● Task: From the line containing "イオンライカムの女性の店員さ" to the line containing "The design, through" in the entries below, reproduce every line exactly, ends included. Nothing else belongs in the copy, and no pictures.

● Data for the task:
────────────────────────────────────────
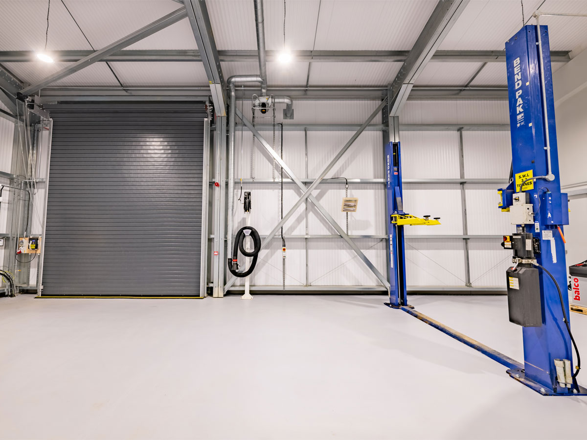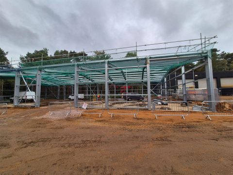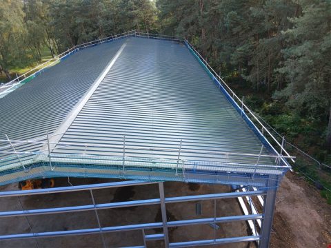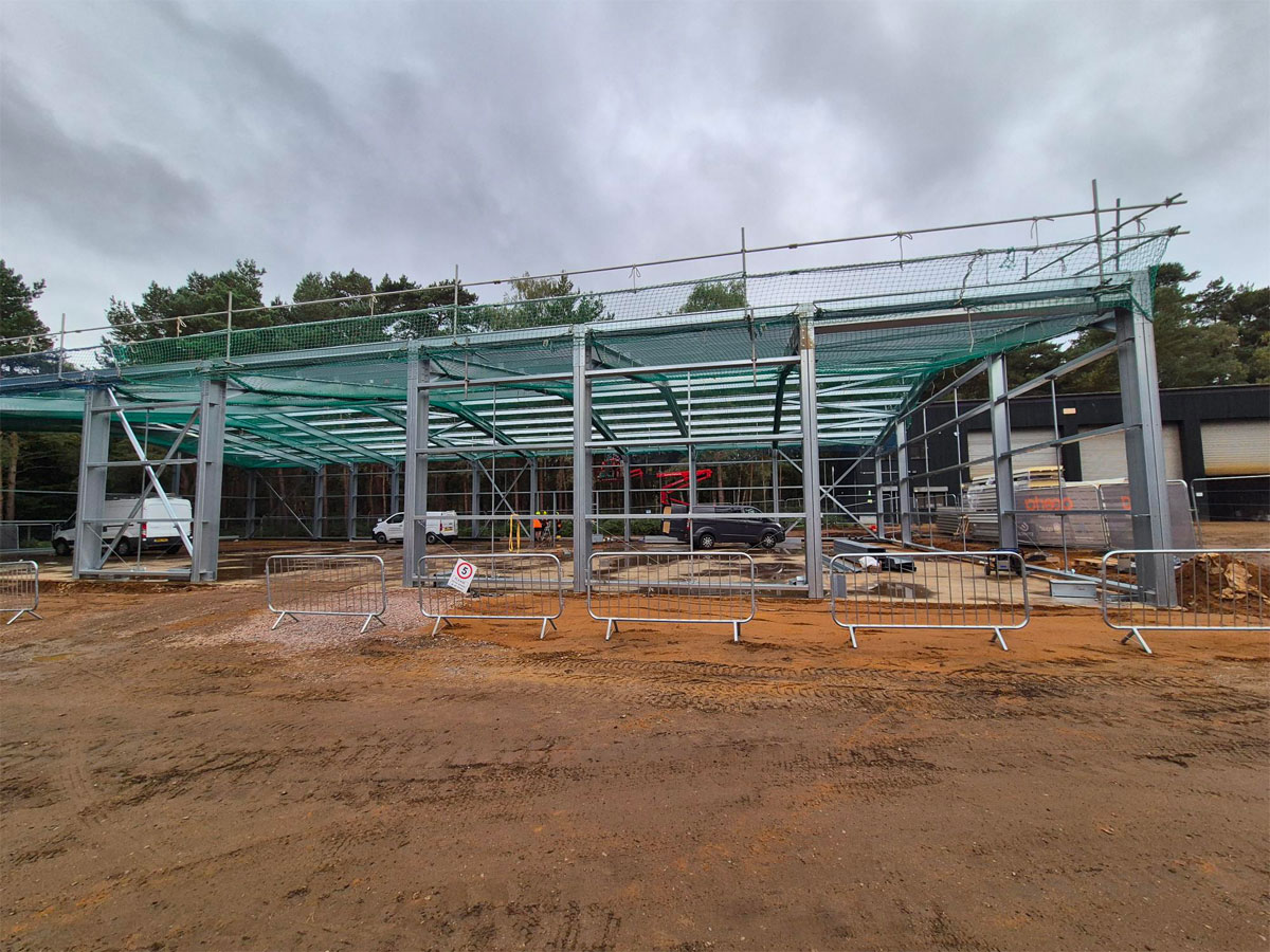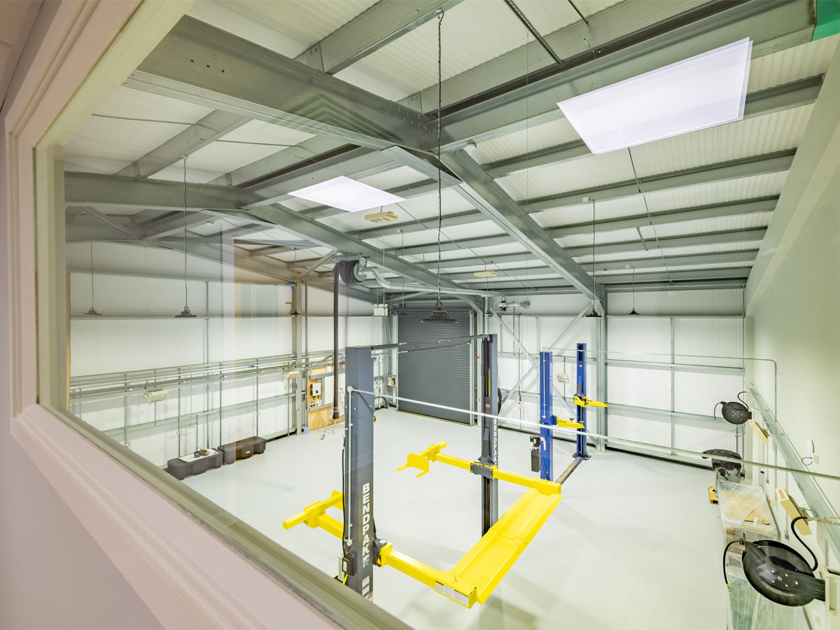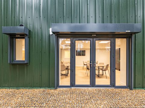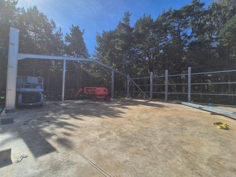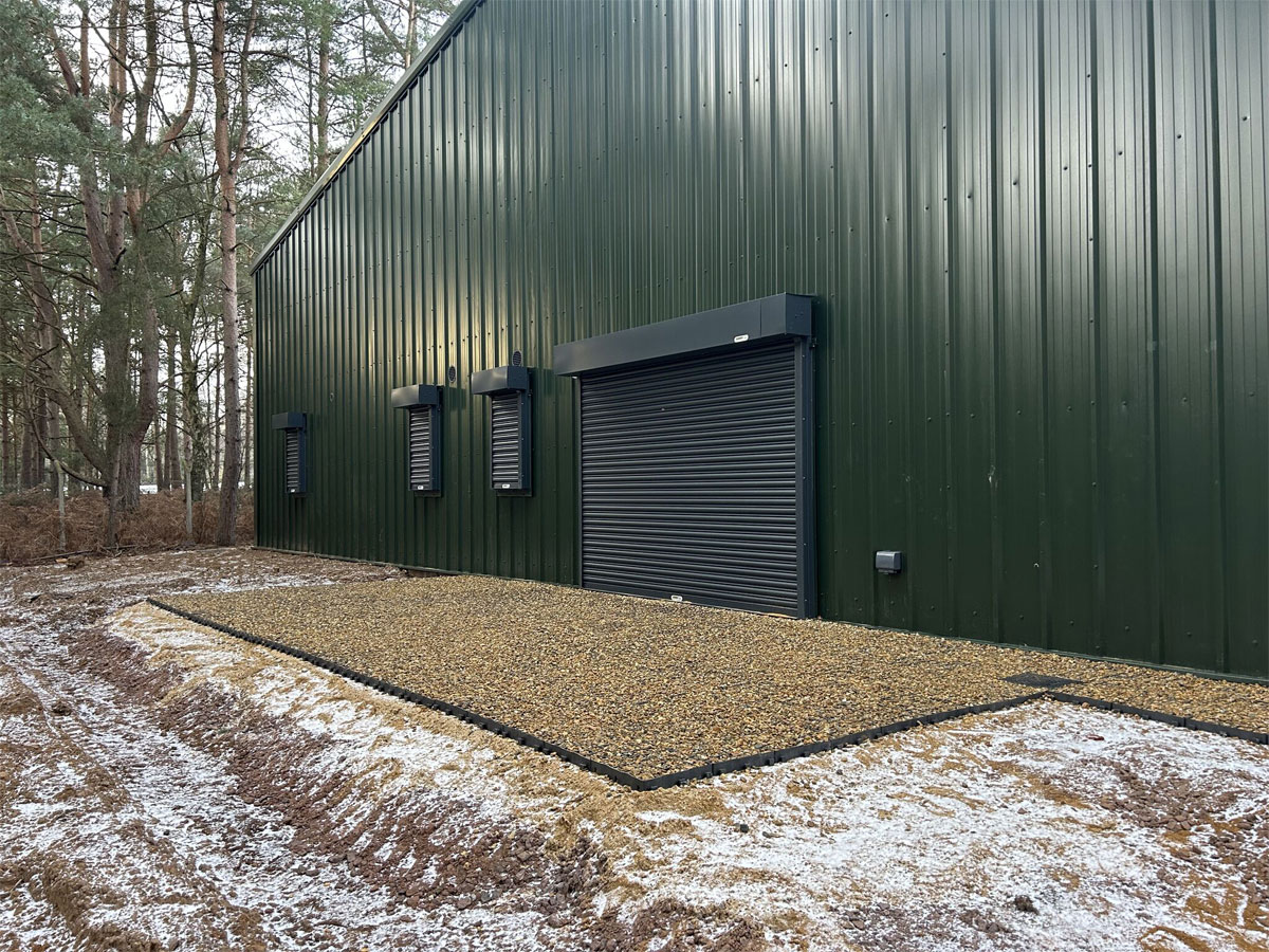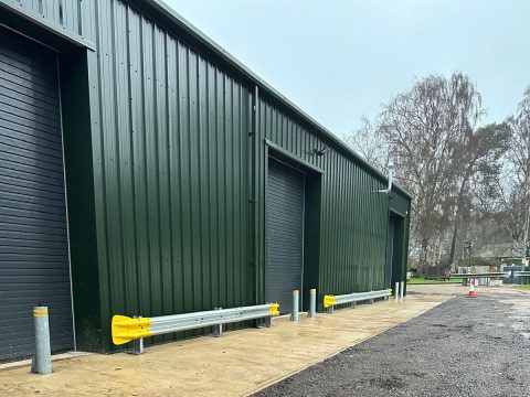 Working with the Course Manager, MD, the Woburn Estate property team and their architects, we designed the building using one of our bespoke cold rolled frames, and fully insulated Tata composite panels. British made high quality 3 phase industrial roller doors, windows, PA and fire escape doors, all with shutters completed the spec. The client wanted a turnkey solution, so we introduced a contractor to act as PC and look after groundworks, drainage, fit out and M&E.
────────────────────────────────────────
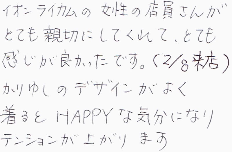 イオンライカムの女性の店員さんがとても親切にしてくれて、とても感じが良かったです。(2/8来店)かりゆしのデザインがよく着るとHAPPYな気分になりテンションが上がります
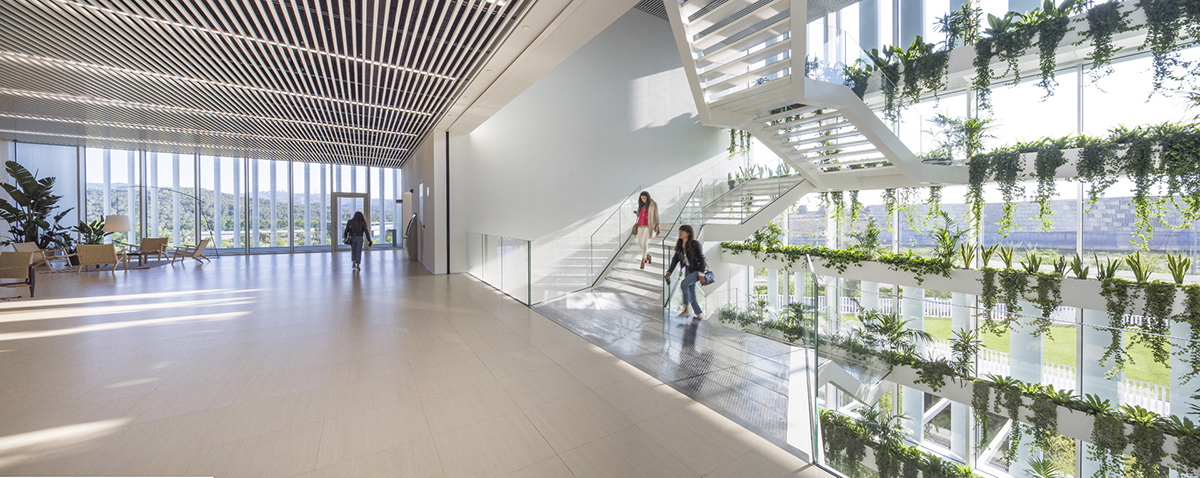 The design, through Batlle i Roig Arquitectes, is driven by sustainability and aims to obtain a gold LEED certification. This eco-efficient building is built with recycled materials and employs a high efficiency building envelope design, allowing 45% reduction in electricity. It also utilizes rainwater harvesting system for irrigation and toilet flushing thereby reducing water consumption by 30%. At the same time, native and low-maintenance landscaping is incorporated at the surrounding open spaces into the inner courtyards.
────────────────────────────────────────
● Answer for this exercise:
 イオンライカムの女性の店員さんがとても親切にしてくれて、とても感じが良かったです。(2/8来店)かりゆしのデザインがよく着るとHAPPYな気分になりテンションが上がります
 The design, through Batlle i Roig Arquitectes, is driven by sustainability and aims to obtain a gold LEED certification. This eco-efficient building is built with recycled materials and employs a high efficiency building envelope design, allowing 45% reduction in electricity. It also utilizes rainwater harvesting system for irrigation and toilet flushing thereby reducing water consumption by 30%. At the same time, native and low-maintenance landscaping is incorporated at the surrounding open spaces into the inner courtyards.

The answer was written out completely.